Even without a single second spent in a disassembler or decompiler we can already see what sort of GUIDs the Notepad.exe references. Some of them are related to COM functionality (f.ex. guid_IFileSaveDialog), some are just GUIDs used as function arguments to functions (f.ex. guid_LocalAppData).

Is it very useful?

I guess… it depends….

If you had a good adware/spyware GUID database back in 2005-2008 you could quickly identify a lot of adware/spyware samples w/o even looking at their code. It worked really nicely.

There are also existing plug-ins for disassembler/decompilers that try to recognize existing GUIDs inside the code/data and rename these data chunks that look like known GUIDs with appropriate names of classes/interfaces or associated artifacts (f.ex.
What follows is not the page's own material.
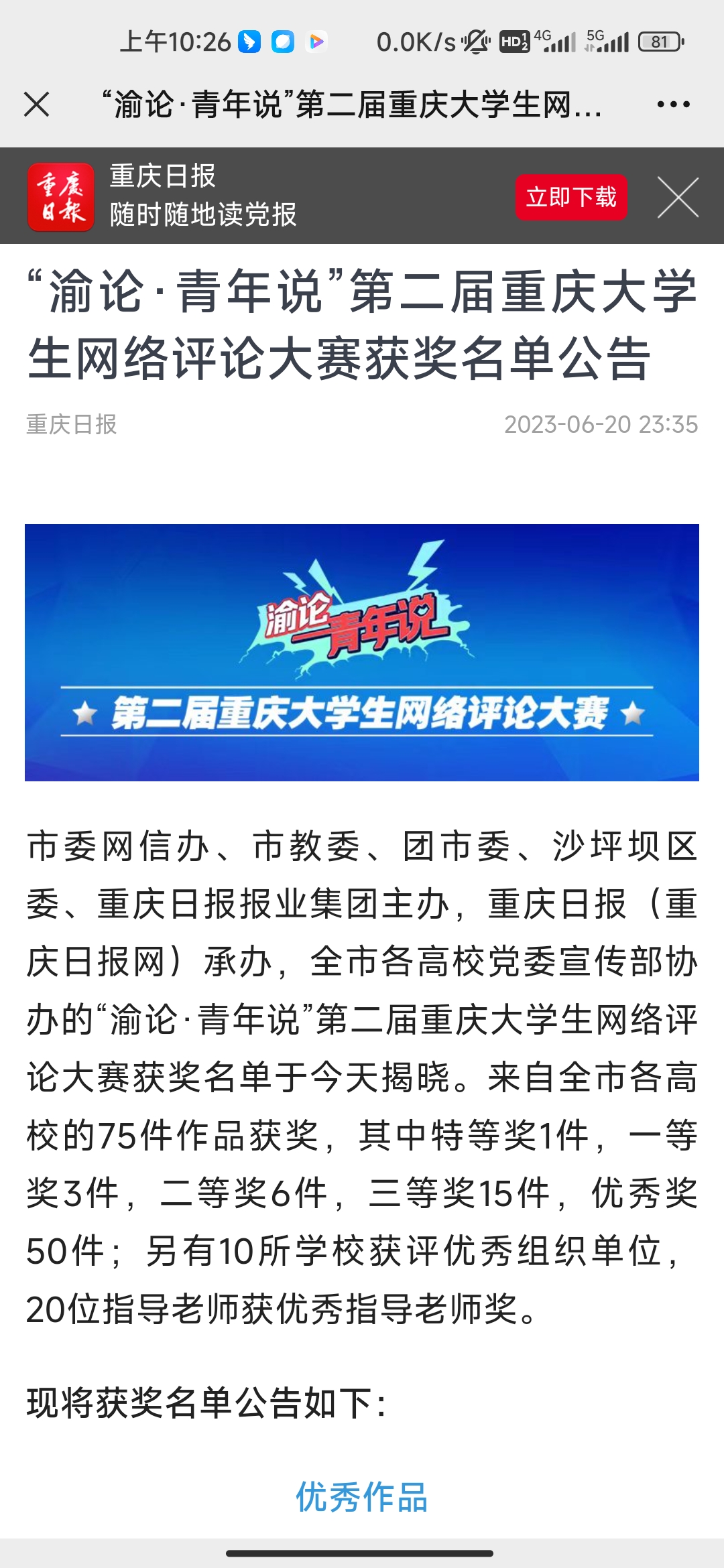 市委网信办、市教委、团市委、沙坪坝区委、重庆日报报业集团主办,重庆日报(重庆日报网)承办,全市各高校党委宣传部协办的“渝论·青年说”第二届重庆大学生网络评论大赛获奖名单于今天揭晓。来自全市各高校的75件作品获奖,其中特等奖1件,一等奖3件,二等奖6件,三等奖15件,优秀奖50件;另有10所学校获评优秀组织单位,20位指导老师获优秀指导老师奖。

Known Folder IDs).

The GUID values are present inside the PDB / RSDS structure included inside some of the PE files – they link the .EXE file with the .PDB file. The Module Version ID (MVID) and TypeLib ID are both GUIDs that are present inside compiled .NET assemblies and can be extracted & collected. Their unique values can be used to link samples coming from the same Visual Studio instance, and/or build environment. Last, but not least – it was allegedly a GUID that linked the first iteration of Melissa virus to its author who eventually got arrested.

GUIDs are great artifacts and it’s wise to both collect all the extractable instances of it, and look for the presence of the known ones in the analyzed samples.